Merry Christmas!!!!!!!!!!!!!!!!!!!!!!

 

So I have come to the conclusion that I am attracted to "bad boys" and alpha males who mistreat me. I have recently come across this person:

 

http://www.loveshack.org/forums/t309521/

 

This guy is very handsome. But as I mentioned in the thread his career ambiions are definitely different than what I am used to (this does not have to be bad).

 

He is also a bit clingy. He is very very affeminate and I originally thought he ws gay.

 

BUT, he is the sweetest nicest guy I have met in the longest time.

 

We are not even "dating" as I have told him I want us to be friends and that I am all about getting to know people as friends and taking it slow.

He has hung out with my friends and made every effort to get to know them.

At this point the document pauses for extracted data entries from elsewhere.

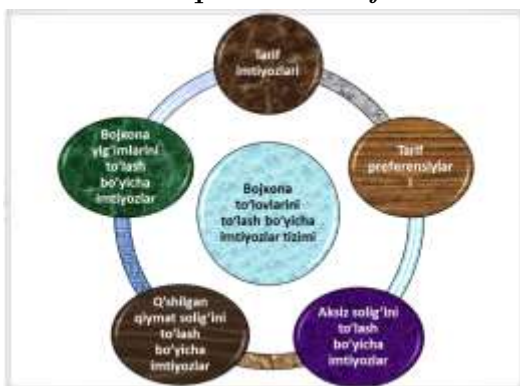
1-Rasm. Bojxona to‘lovlarini to‘lash bo‘yicha imtiyozlar tizimi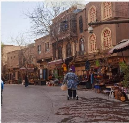
เมืองไบรานคัซการ์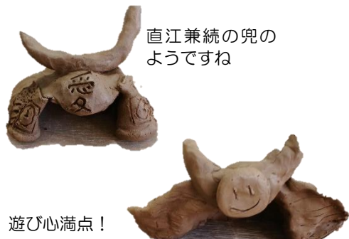
直江兼続の兜のようですね

5/5の子どもの日にちなんで兜を作りました。兜は生まれてきた子どもの将来をお祝いする意味があり、端午の節句を象徴するものです。兜の正面の様子は皆さんアレンジをされており、ニコちゃんマークや文字を入れた方もいました。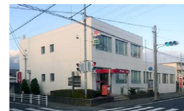
葦山郵便局 / 徒歩 2分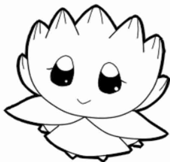
しゃくこまちちゃん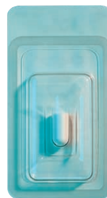
Cat. # 0102 Garze CollaPlug 1,0 x 1,9 cm

Un comodo dispensatore consente di avere le garze della Zimmer Dental a portata di mano durante le procedure.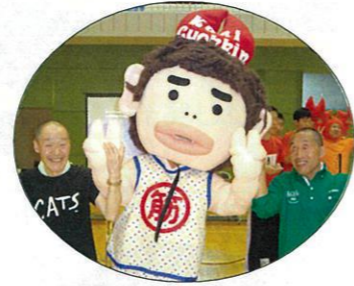
カニチョコッ筋マンと一緒にハイチーズ！！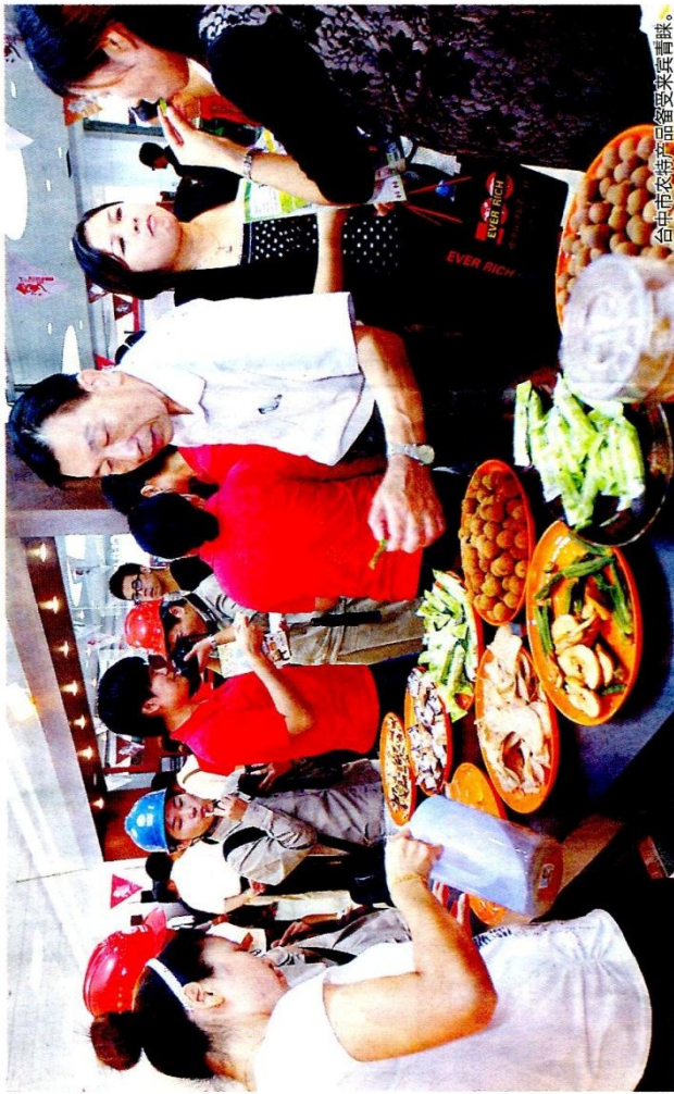
台中农业博览会农产品备受欢迎。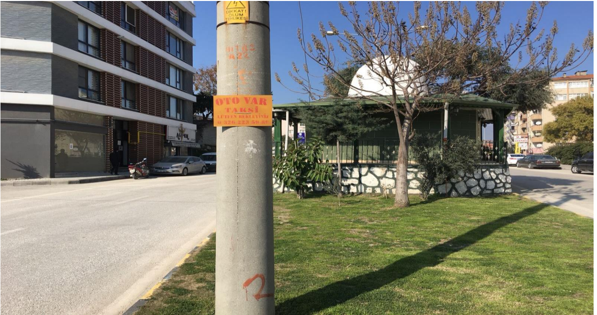
Fotoğraf-15 Antakya Merkez'de bulunan Türbe-4 (Ayşe Yalçın Arşivi, Hatay Antakya, Ocak 2018)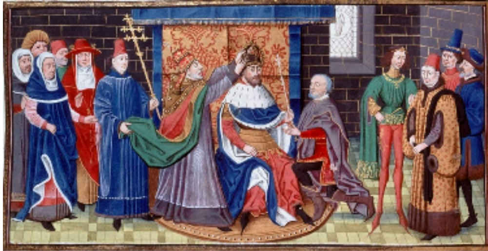
Doc. 2. Sacre de l'empereur Charlemagne par le pape Léon III. Miniature de la Chronique des Empereurs de D. Aubert, 1462.

(...) Charles se montra d'abord si mécontent (du déroulement de la cérémonie) qu'il aurait renoncé, affirmait-il, à entrer dans l'église ce jour-là, bien que ce fût pour de grande fête, s'il avait su d'avance le plan du pape.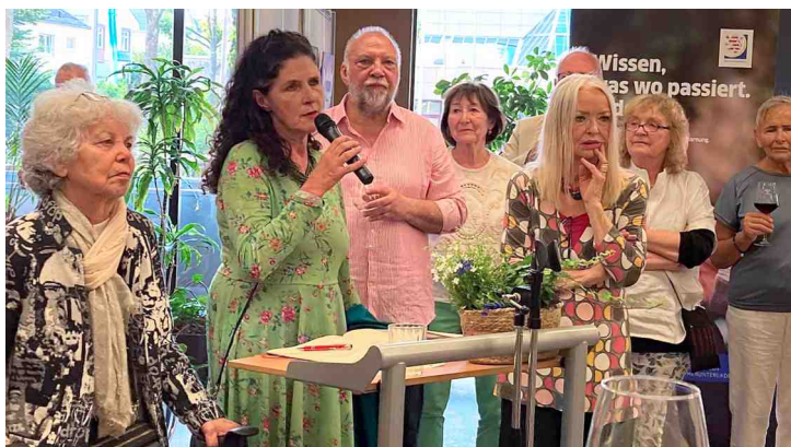
Jahresausstellung PrismO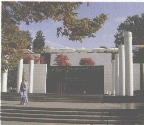
洛桑奥林匹克博物馆

洛桑位于日内瓦湖北部沿岸的中部，是瑞士沃州的首府，也是瑞士第二大讲法语的城市，它和日内瓦、伯尔尼、苏黎世有铁路连接，是通过TGV（法国新干线）到达巴黎的交通中心。洛桑是一座古城，城市不大，只有12.5万人。城市中有许多古建筑，具有浓厚的文化艺术气氛。依山傍水、风景秀丽的洛桑，充满着法国式的浪漫，保留着瑞士式的和谐与宁静。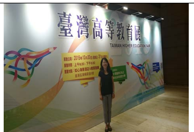
圖 12: 香港教育展宣傳看板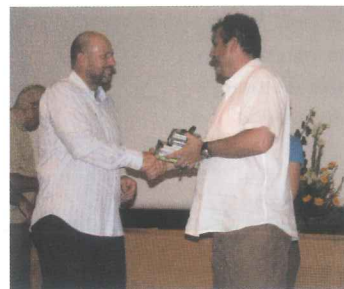
Traditionnel échange de présents par les maires respectifs des deux communes

Organisées par le Comité de jumelage et la mairie, ces rencontres sont l'occasion d'échanges culturels où chacun trouve un intérêt à découvrir l'autre, au travers de sa vie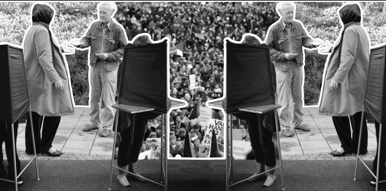
ART DIRECTION &amp; DESIGN: PÅL LINDER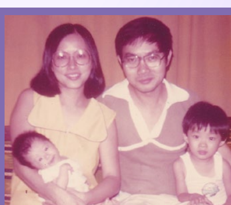
1979年4月：第二个儿子（光荣）于佳尔美医院出生。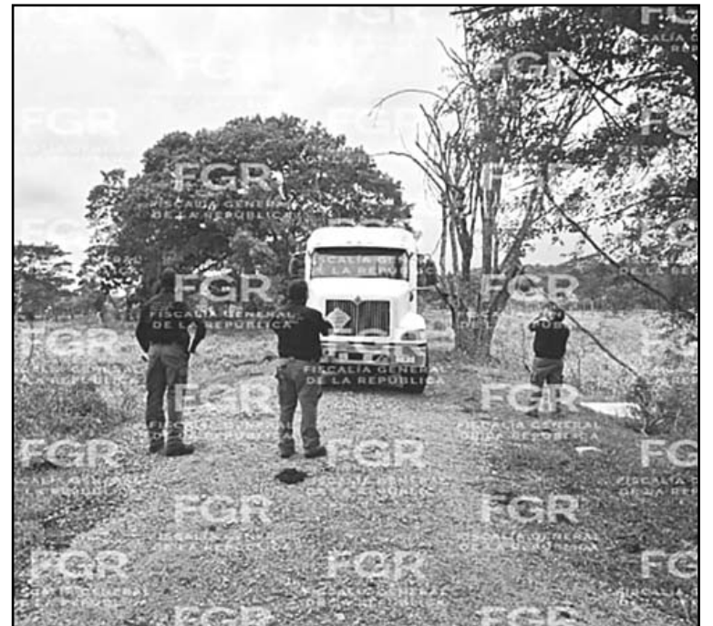
El aseguramiento se concretó en una rancharía de Centro. (POR ESTO!)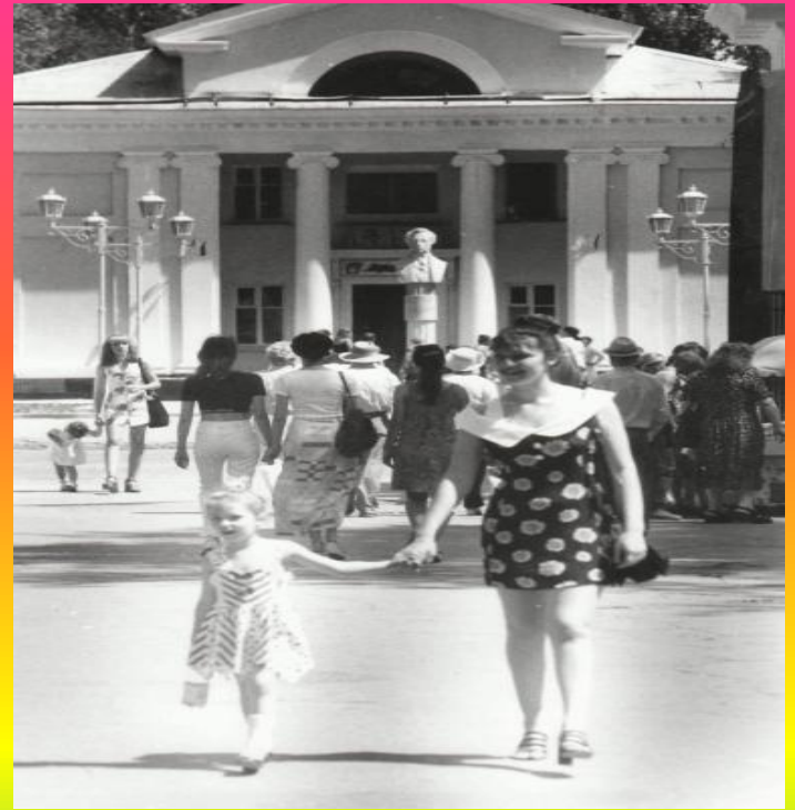
Вид на памятник А.С.Пушкину из парка 1999г.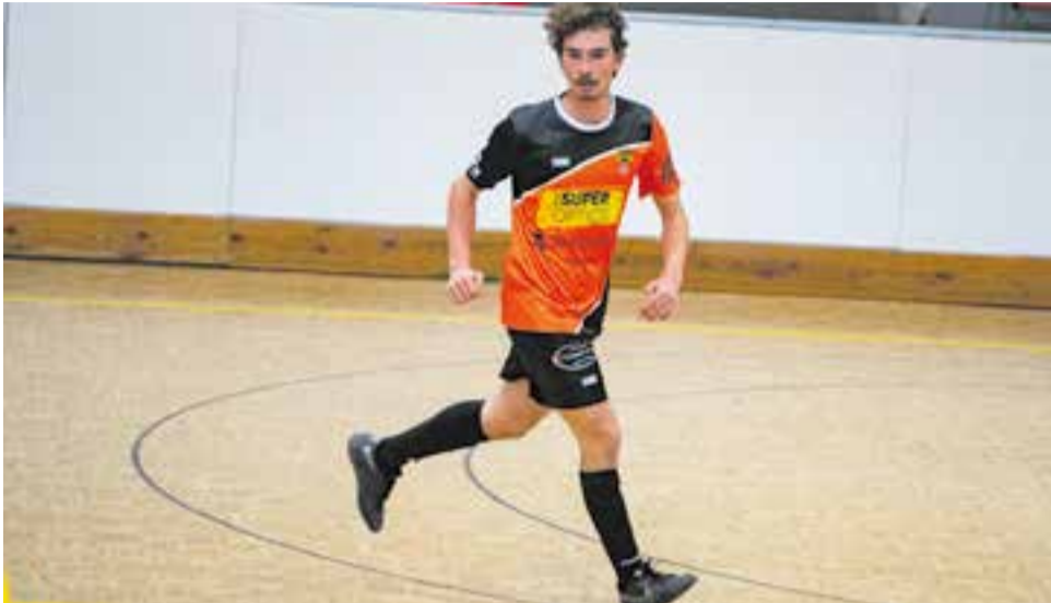
L'FS Castellar no pot fallar més si vol mantenir la categoria. || A. SAN ANDRÉS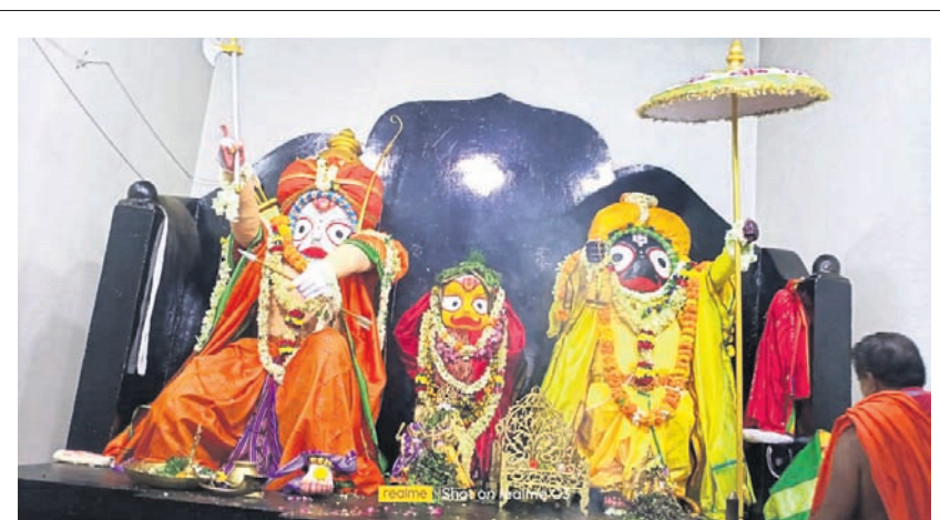
କୋରାପୁଟରେ ଶ୍ରୀଜୀଉଙ୍କ ବାମନ, ପର୍ତ୍ତୁରାମ ବେଶ।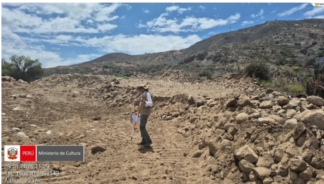
Imagen 02: vista panorámica de excavación del suelo generando afectación parte del del sitio arqueológico.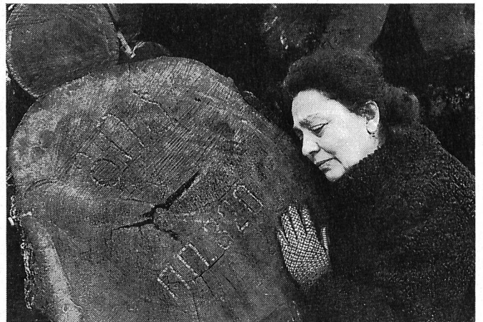
REUE von Tengis Abuladse

Institut Anfang der fünfziger Jahre geschlossen wird, weil ihre Wissenschaft, die Kybernetik, als westliche Er rungenschaft und damit als nicht-sozialistisch eingestuft wird. Ausserhalb Litauens kam der Film nur in einer zensierten, sprich: verstümmelten russischen Fassung in die Kinos. Zalakevicius' Filmografie weist nach diesem Film grössere Perioden des Schweigens auf.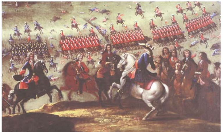
La batalla de Almansa fue un hecho de guerra que originó la ocupación del reino de Valencia por las tropas borbónicas, al que seguiría el dominio sobre los demás reinos. También inauguró la imposición de los Decretos de Nueva Planta, que paulatinamente se fueron extendiendo al resto de los territorios de la Corona de Aragón. Estas circunstancias las recuerda el dicho popular Quan el mal ve d'Almansa, a tots alcanza (Cuando el mal viene de Almansa, a todos alcanza).

Felipe no pudo recuperar Barcelona e incluso tuvo que pasar a Francia, presionado por las tropas aliadas. Además, un ejército inglés, al que se habían unido tropas portuguesas, entró por Salamanca y llegó a Madrid en junio de 1706. Posteriormente tomaría Toledo y Zaragoza. Pero Felipe, apoyado por un movimiento popular castellano, reacciona contra la invasión aliada y obtiene un importante triunfo en la batalla de Almansa (1707), que le permite reconquistar Aragón y Valencia.

He calls me every single day

Yesterday he picked me up at my house and he gave me a charm for my pandora bracelet. I had mentioned that I am collecting charms the day before and he went to the mall on Christmas eve to get me a charm.

 

This guy is really really sweet. Should I give him a chance event hough he is not my type and I am not super attracted to him?

 

Have any bad boy lovers ever decided to give the good guy a chance and it worked out good?

 

P.S. Enjoy the happiest day of the year!!!!!

  • Author
Posted

I forgot to add: I recently found out he is a model too so I think thats how he makes his cash

Posted

Actually, the question should be "have you ever given a bad boy a chance and it worked out well?".

 

From what I understand, most girls marry the good guy.

 

Not to be too blunt, but you sound really immature even though you may be educated.

 

Find out why you like to be "mistreated" first.

 

Maybe you like s&m, I don't know. Maybe he would love to "mistreat" you that way. Maybe.

 

You don't really want someone to mistreat you, trust me.

 

Lets see a bad boy would:

- cheat on you

- call you names

- forget about special days like Valentines

- push you around

 

Do you love drama? Well go out and meet that bad boy.

 

This guy you like is handsome (he's a damn model) but you're not attracted to him. Fine.

 

You don't like him that way. Do him a big favor and move on. He deserves better.

 

Why do you keep him hanging on and accepting his gifts?

 

You're sad.

Posted (edited)

I personally never really believed in the alpha/bad boy/bad girl or nice guy/girl labels. Because most of the time when people say nice guy they mean pushover, non-assertive, overly appeasing, and not a challenge. Everyone wants a nice partner, but they use the "nice" term to describe unattractive qualities.

 

While on the other hand people use the bad boy/bad girl terms to reference someone their very attracted to who poses a challenge, is selfish, arrogant, etc.

 

Cause and effect. When you are really attracted to someone, and its more than their attraction to you, I feel the other person can sense this. Hence they play off of it, and if their a person of confidence, they dont give in to what you want so easily. So we want it more. And if this person is attractive to many others, then its a constant cycle.

 

Conversely, if youre not really attracted to someone, but they are really into you, they sense this and go into appeasement and supplicating mode, hence them seeming so "nice". Personality plays a huge role in all this.

 

 

At the end of the day Ive noticed that "nice" usually means "Im not particularly attracted to this person, and theres not much excitement, but since they really like me and stuff, I guess they might do"

 

And then "bad" means "Wow I cant figure this person out, and Im wildly drawn to them despite how hot and cold their behavior is"

 

Everyone wants a nice partner, in the true sense of the word. And a lot of us want that excitement we get from the "bad boy/girl" too. Gotta find the medium.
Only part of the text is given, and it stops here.